Question

Area of a circle in which a chord of length root $2\sqrt 3 $ makes an angle 2$\dfrac{\pi }{{\text{3}}}$ at the centre is
A. ${\text{4}}\pi $
B. ${\pi ^{\text{2}}}$
C. $\dfrac{1}{2}$
D. $\sqrt 2 \pi $

Answer 1

Hint: To solve this question we use the basic theory of chapter circles as discussed below. As we know the perpendicular to the chord from the centre of the circle bisects the angle of a circle and also a perpendicular dropped from the centre of the circle to a chord bisects it. It means that both the halves of the chords are equal in length. By using these we will be able to solve this question.

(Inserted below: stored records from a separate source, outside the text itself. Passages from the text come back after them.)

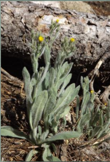
Shaggy hawkhead ( Hieracium horridum ), Kinney Lake Field Trip.
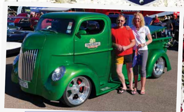
The happy couple realising that all their dreams had come true.
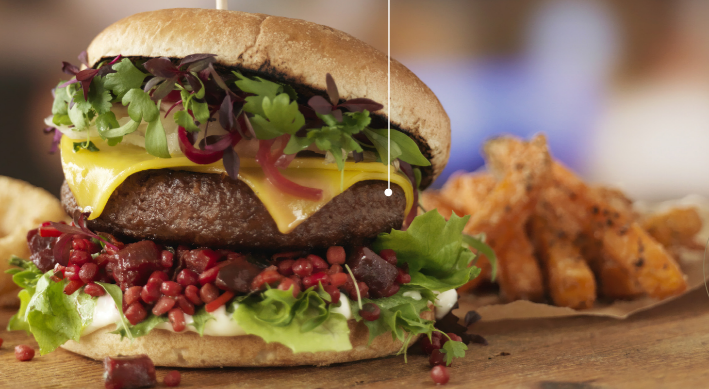
Beyond Meat The Beyond Burger V VE A 127622 40 x 113g
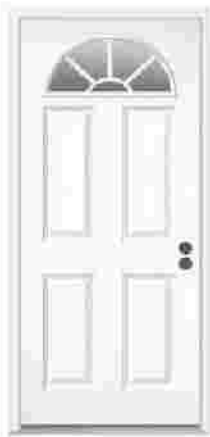
4 Panel with Fanlight Window

The Fanlight window can be clear or stained glass. This is the only acceptable shape of window.
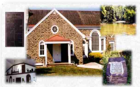
The Germantown Trust
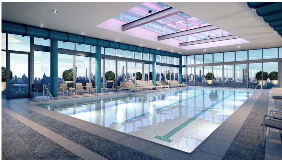
Indoor/Outdoor Pool with skyline views.
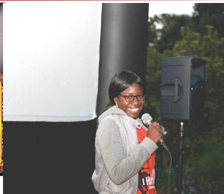
SCANJ thanks Newark's Barnabas Health for funding support for Movie Night.
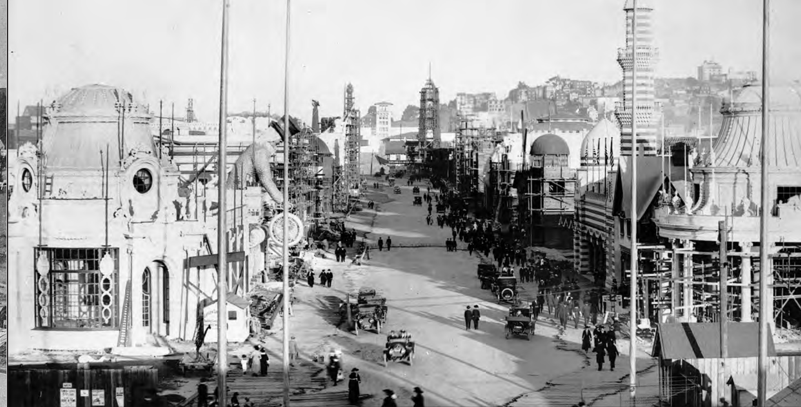
The Zone introduced visitors to the new concepts of national parks, by providing replicas of the Grand Canyon and Yellowstone National Park. (photo circa 1915)

Complete step-by-step answer:
Given a chord of length $2\sqrt 3 $ makes an angle 2$\dfrac{\pi }{{\text{3}}}$ at the centre.
we have to find the area of circle:

According to question-
$\angle {\text{AOC = }}$2$\dfrac{\pi }{{\text{3}}}$
And AC= $2\sqrt 3 $
Draw OB$ \bot $AC
Which results, AB= $\sqrt 3 $
And $\angle {\text{AOB = }}$$\dfrac{{\text{pi }}}{{\text{3}}}$
As we know, the sum of all interior angles of a triangle is ${180^0}$ always.
So, $\angle {\text{OAB = }}$$\dfrac{\pi }{6}$
Now, in $\Delta {\text{OBA}}$, OB$ \bot $AB
$ \Rightarrow $cos$\dfrac{\pi }{6}$= $\dfrac{{{\text{AB}}}}{{{\text{OA}}}}$
$ \Rightarrow $$\dfrac{{\sqrt 3 }}{2}$= \[\dfrac{{\sqrt 3 }}{{{\text{OA}}}}\]
$ \Rightarrow $OA= 2
So, the radius of the given circle is 2 units.
Its area= $\pi {{\text{r}}^{\text{2}}}$
= $\pi \times {{\text{2}}^{\text{2}}}$
= ${\text{4}}\pi $
Therefore, Area of a circle in which a chord of length root $2\sqrt 3 $ makes an angle 2$\dfrac{\pi }{{\text{3}}}$ at the centre is ${\text{4}}\pi $.


Note- The chord is a line segment that joins two points on the circumference of the circle. A chord only covers the part inside the circle. And diameter is also considered as a chord of the circle. The diameter is the longest chord possible in a circle and it divides the circle into two equal segments.